## Problem requirements
All the lines below need retyping exactly, apart from the images.

*** Information provided ***

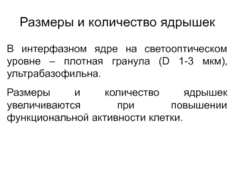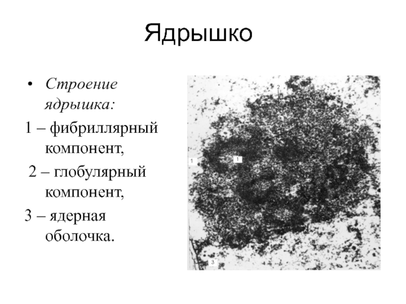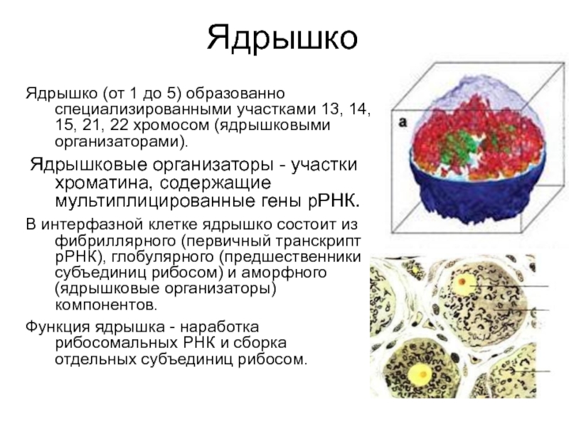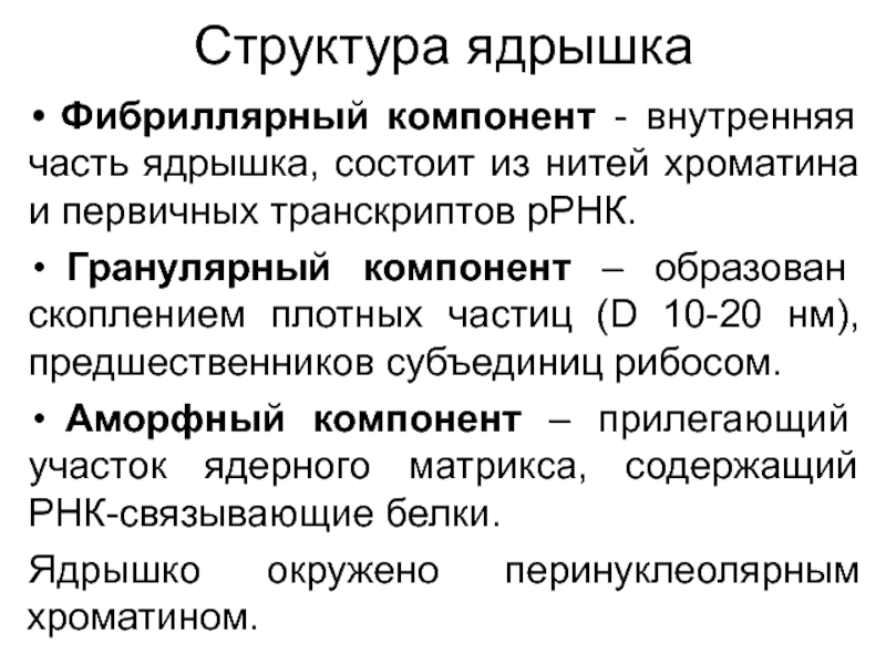 В интерфазной клетке ядрышко состоит из фибриллярного (первичный транскрипт рРНК), глобулярного (предшественники субъединиц рибосом) и аморфного (ядрышковые организаторы) компонентов.
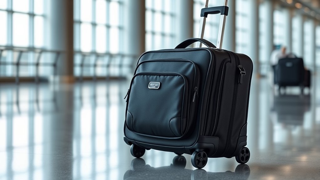 To guarantee my rolling bag meets airline size restrictions, I always check the specific airline’s carry-on dimensions before packing. I measure my bag with a tape to confirm it fits within the allowed limits, usually around 22 x 14 x 9 inches. I also look for bags with clear size labels and consider soft-sided options that can slightly compress. Being prepared helps me avoid surprises at the gate.
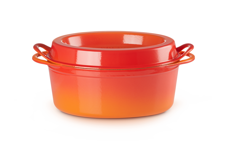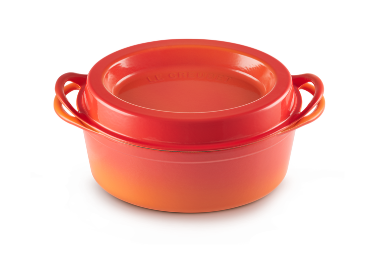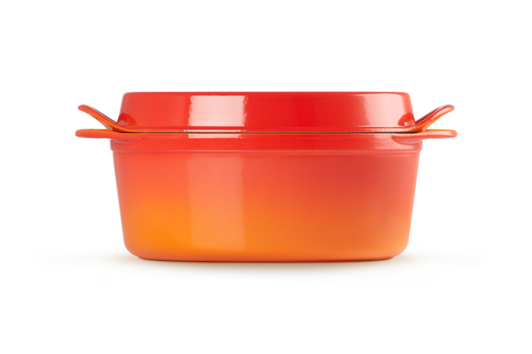 Klasyczny garnek Le Creuset znany był już w 1934 roku. Francuskie słowo „doufeu” oznacza „delikatny ogień” – garnek został tak nazwany, ponieważ nadaje się do gotowania na wolnym ogniu. Żeliwna konstrukcja zapewnia równomierne rozprowadzanie ciepła. Zatrzymuje też wilgoć, by dania były soczyste i idealnie ugotowane. Małe kropelki pary wodnej osiadają wewnątrz pokrywki i spływają z powrotem do dania. Aby uzyskać ten efekt, umieść kostki lodu na środku wgłębienia pokrywki.

*** End of Information provided ***

## Your solution
 В интерфазной клетке ядрышко состоит из фибриллярного (первичный транскрипт рРНК), глобулярного (предшественники субъединиц рибосом) и аморфного (ядрышковые организаторы) компонентов.
 To guarantee my rolling bag meets airline size restrictions, I always check the specific airline’s carry-on dimensions before packing. I measure my bag with a tape to confirm it fits within the allowed limits, usually around 22 x 14 x 9 inches. I also look for bags with clear size labels and consider soft-sided options that can slightly compress. Being prepared helps me avoid surprises at the gate.
 Klasyczny garnek Le Creuset znany był już w 1934 roku. Francuskie słowo „doufeu” oznacza „delikatny ogień” – garnek został tak nazwany, ponieważ nadaje się do gotowania na wolnym ogniu. Żeliwna konstrukcja zapewnia równomierne rozprowadzanie ciepła. Zatrzymuje też wilgoć, by dania były soczyste i idealnie ugotowane. Małe kropelki pary wodnej osiadają wewnątrz pokrywki i spływają z powrotem do dania. Aby uzyskać ten efekt, umieść kostki lodu na środku wgłębienia pokrywki.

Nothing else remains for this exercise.